:: Exercise objective ::
Please, without any pictures, set down exactly the part of the listing below that opens with the line containing "Övervåningen har ett" and closes with the line containing "Panowie policjanci zwrócili".

:: Data for this task ::
══════
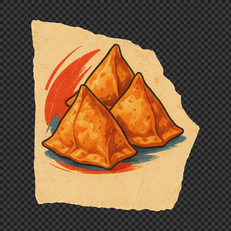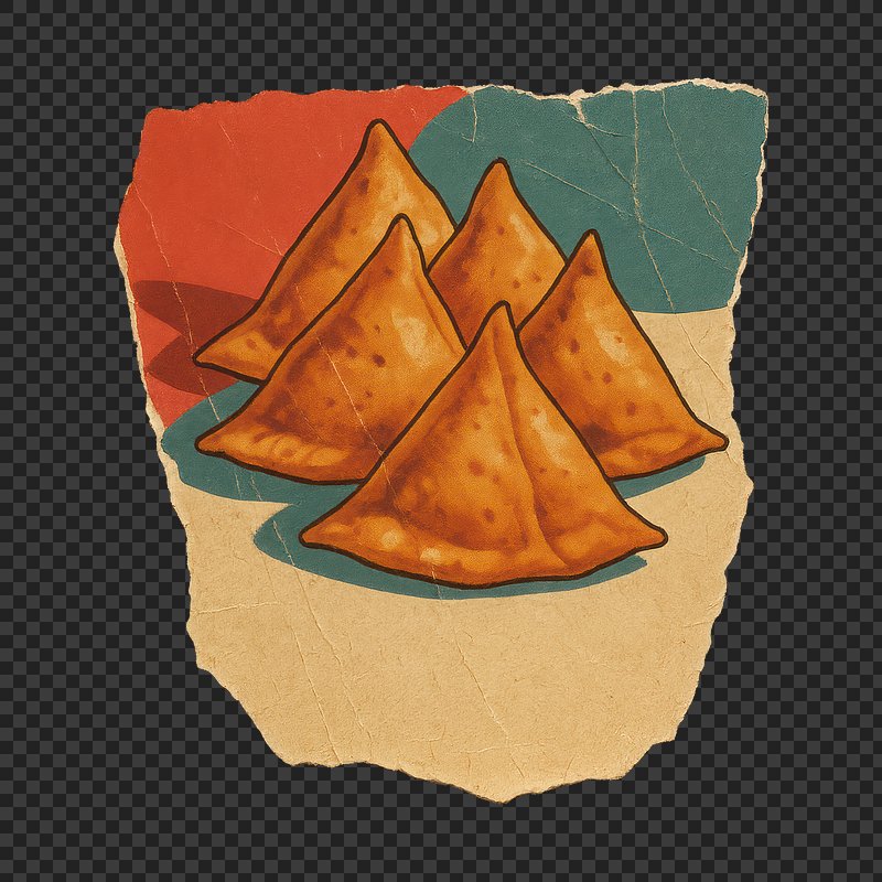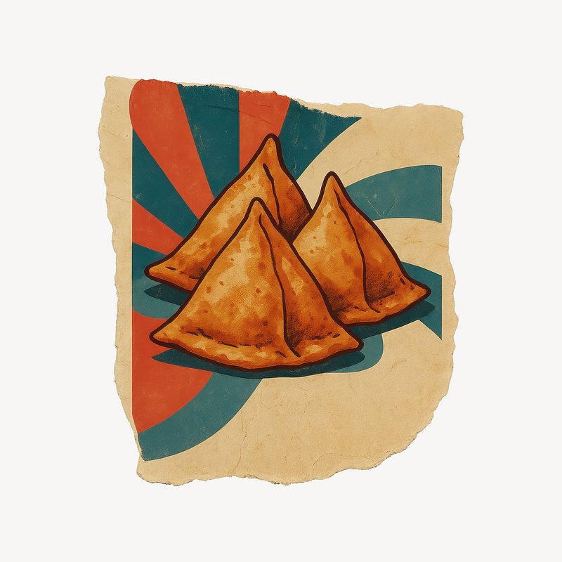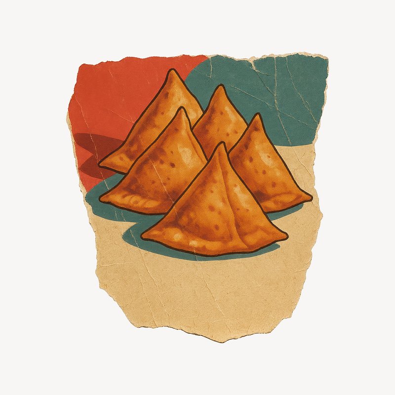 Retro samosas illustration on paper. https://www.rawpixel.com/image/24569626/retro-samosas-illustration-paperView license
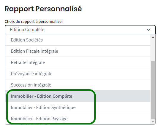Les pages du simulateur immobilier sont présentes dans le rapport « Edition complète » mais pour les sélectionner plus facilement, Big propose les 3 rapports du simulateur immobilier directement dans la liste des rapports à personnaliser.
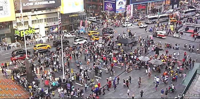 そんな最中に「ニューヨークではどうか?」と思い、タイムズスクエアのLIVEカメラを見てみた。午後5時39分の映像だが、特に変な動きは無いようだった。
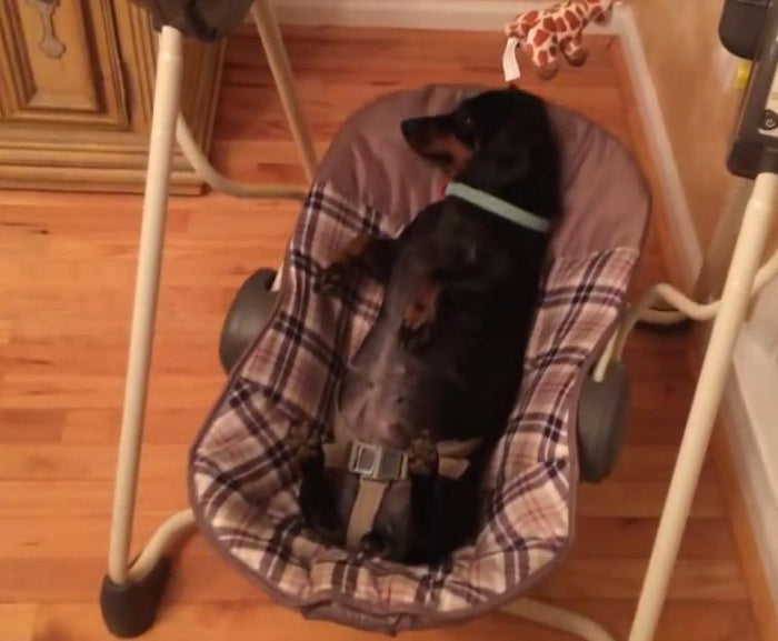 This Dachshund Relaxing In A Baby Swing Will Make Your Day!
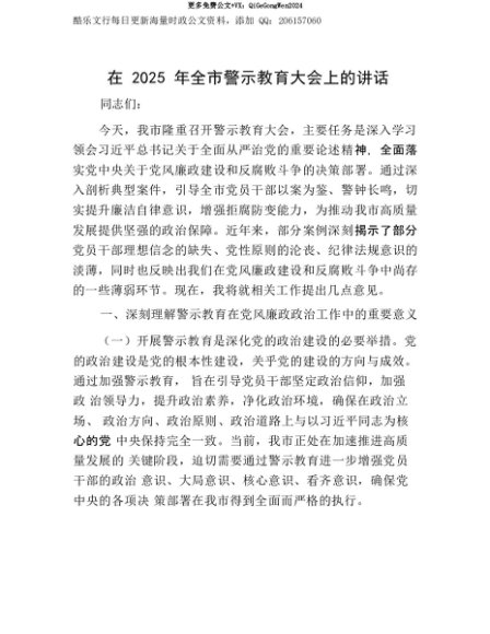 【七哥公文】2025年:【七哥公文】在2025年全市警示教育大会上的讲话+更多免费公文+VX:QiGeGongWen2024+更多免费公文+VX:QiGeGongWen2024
══════
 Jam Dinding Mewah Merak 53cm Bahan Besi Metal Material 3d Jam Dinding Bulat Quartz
══════
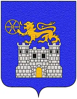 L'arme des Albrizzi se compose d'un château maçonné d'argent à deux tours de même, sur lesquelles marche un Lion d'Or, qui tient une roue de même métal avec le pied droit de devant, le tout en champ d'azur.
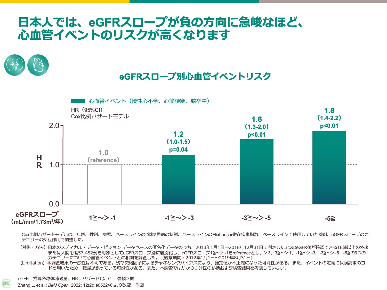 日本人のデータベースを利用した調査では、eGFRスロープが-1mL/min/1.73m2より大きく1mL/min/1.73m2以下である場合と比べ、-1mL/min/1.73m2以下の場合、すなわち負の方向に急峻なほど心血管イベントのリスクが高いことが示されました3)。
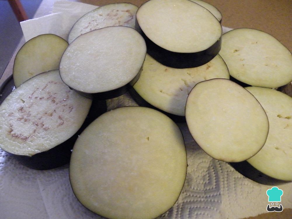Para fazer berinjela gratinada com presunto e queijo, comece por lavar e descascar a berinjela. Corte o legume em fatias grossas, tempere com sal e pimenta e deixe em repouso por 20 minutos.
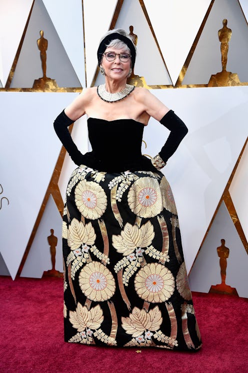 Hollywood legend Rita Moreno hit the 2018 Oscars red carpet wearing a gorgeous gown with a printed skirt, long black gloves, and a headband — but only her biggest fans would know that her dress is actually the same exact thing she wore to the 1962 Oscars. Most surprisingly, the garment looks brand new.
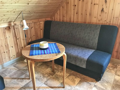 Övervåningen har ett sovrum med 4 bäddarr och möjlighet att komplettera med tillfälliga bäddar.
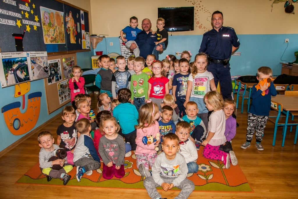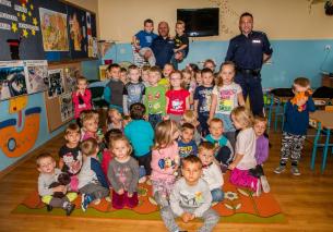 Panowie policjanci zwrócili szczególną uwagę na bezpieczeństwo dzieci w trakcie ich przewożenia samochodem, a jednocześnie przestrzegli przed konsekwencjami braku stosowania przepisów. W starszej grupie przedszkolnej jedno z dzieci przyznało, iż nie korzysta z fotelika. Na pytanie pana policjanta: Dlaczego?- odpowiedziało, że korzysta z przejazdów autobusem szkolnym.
══════
:: Task answer ::
 Övervåningen har ett sovrum med 4 bäddarr och möjlighet att komplettera med tillfälliga bäddar.
 Panowie policjanci zwrócili szczególną uwagę na bezpieczeństwo dzieci w trakcie ich przewożenia samochodem, a jednocześnie przestrzegli przed konsekwencjami braku stosowania przepisów. W starszej grupie przedszkolnej jedno z dzieci przyznało, iż nie korzysta z fotelika. Na pytanie pana policjanta: Dlaczego?- odpowiedziało, że korzysta z przejazdów autobusem szkolnym.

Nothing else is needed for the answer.